Wednesday, March 4, 2015

Antibiotic Desensitization

I wanted to describe the process of desensitization because before my last admission I was pretty clueless about. It was actually much easier than I anticipated, it but was something I was very nervous about prior to actually going through the process.

This seems to vary by hospital, but my hospital requires a stay in ICU to be desensitized. This means you have heart monitors (5), an oxygen monitor, a constant temp monitor, a blood pressure cuff that takes your blood pressure every 15 minutes, and of course your IV so needless to say you can't move much. The downfall to this is when nature calls you are at the mercy of your nurse. I had to buzz the nurse every time I needed to pee. Once the nurse arrived she/he would have to unhook all my monitors and then pull the potty out from the counter it folder into. I don't know if you can even picture that because until I saw it I would have been like, what? But basically they have a cabinet and when you open it there is a toilet that you can pull out, use, flush and fold back into the cabinet. Although my nurse was the one that had to flush and fold back under the cabinet. Then I would be hooked up to my monitors again until the next time I had to pee. It was not my favorite way of using the bathroom and I tried to avoid going as much as possible. Healthy, I know.

When I got to the hospital I didn't actually start the process or any meds until the next day which made it feel like a super expensive hotel without the perks of a comfortable bed or any privacy. The next morning they started setting up my room for the desensitization. I was totally calm about the whole process until this point. They started to fill my room with "just in case" supplies. It actually made me nervous as more and more supplies started to fill my room in case, oh I don't know, I went into anaphylactic shock and tried to die on them. My heart rate shot up and the alarms on my heart monitor kept going off, which was slightly embarrassing.

A very diluted version of the medicine was given over 15 minutes and then a slightly stronger dose of the drug was given for 15 minutes. This continued for varying times over the course of four hours. The allergist had to stay with me for the entire four hours plus a few more to ensure I didn't react to the drug. The lack of privacy was probably the worst part of the whole process, I doubt he liked that part very much either. Once they knew I was okay I continued the drug like normal.

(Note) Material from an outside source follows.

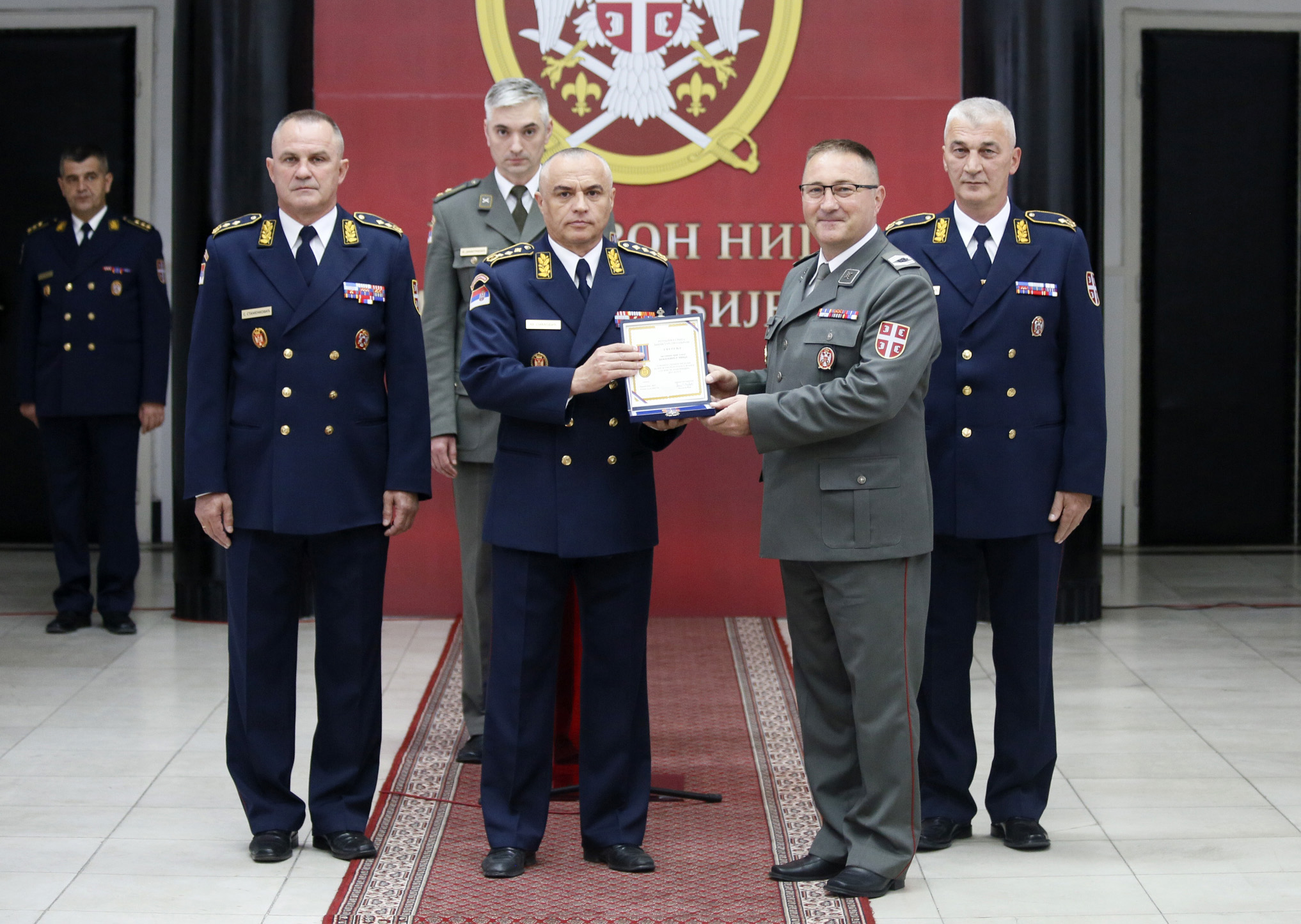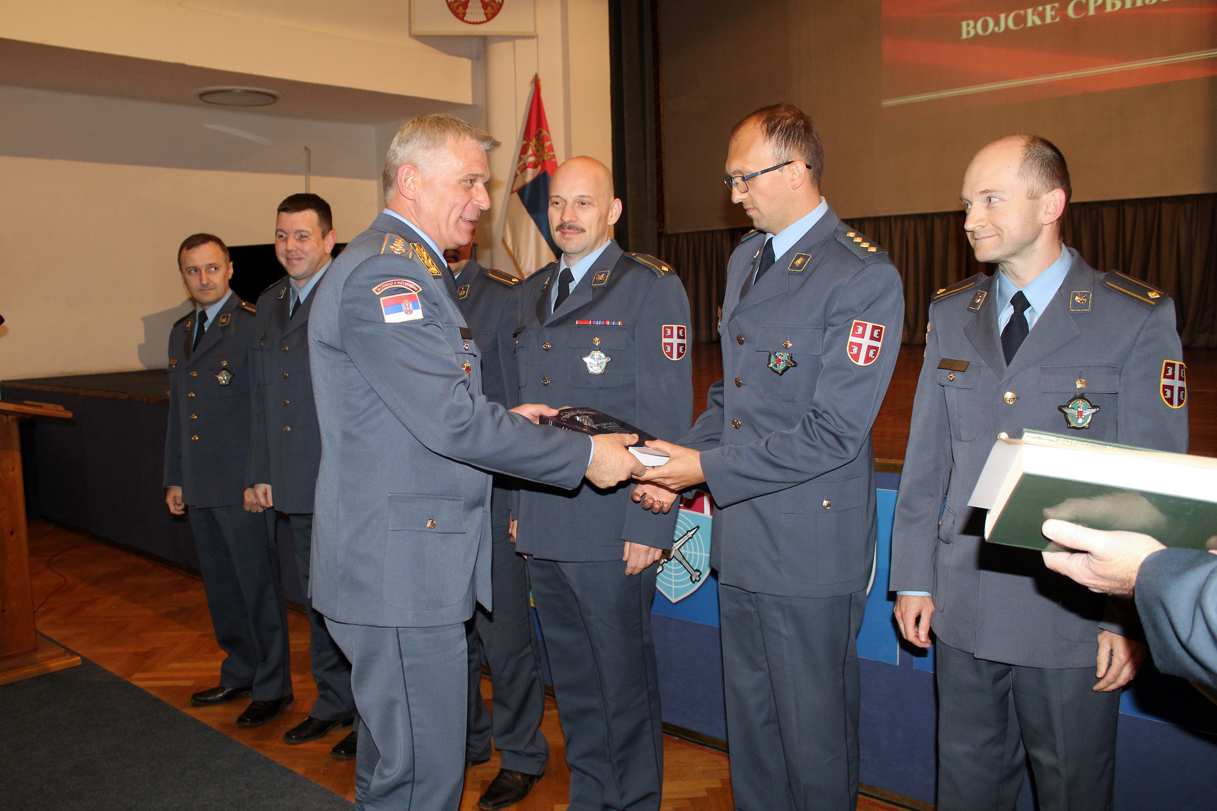 Za izuzetan doprinos u razvoju sposobnosti Vojske Srbije, načelnik Generalštaba je ovom prilikom ministru odbrane Milošu Vučeviću uručio Zlatnu plaketu Vojske Srbije.

The next day another allergist came to see how I was doing and explained that the process is hugely successful. I wished she was my allergist the day before because after I talked to her I realized the chances of a severe reaction was pretty slim and I would have been much more relaxed while going through the desensitization.

Unfortunately, desensitization is only good until you stop the drug for 24-48 hours meaning if I ever need this drug (or one of the other four I am allergic to) I will need another trip to ICU. However, besides the toilet issue and the unwanted allergist roommate it is really an easy process.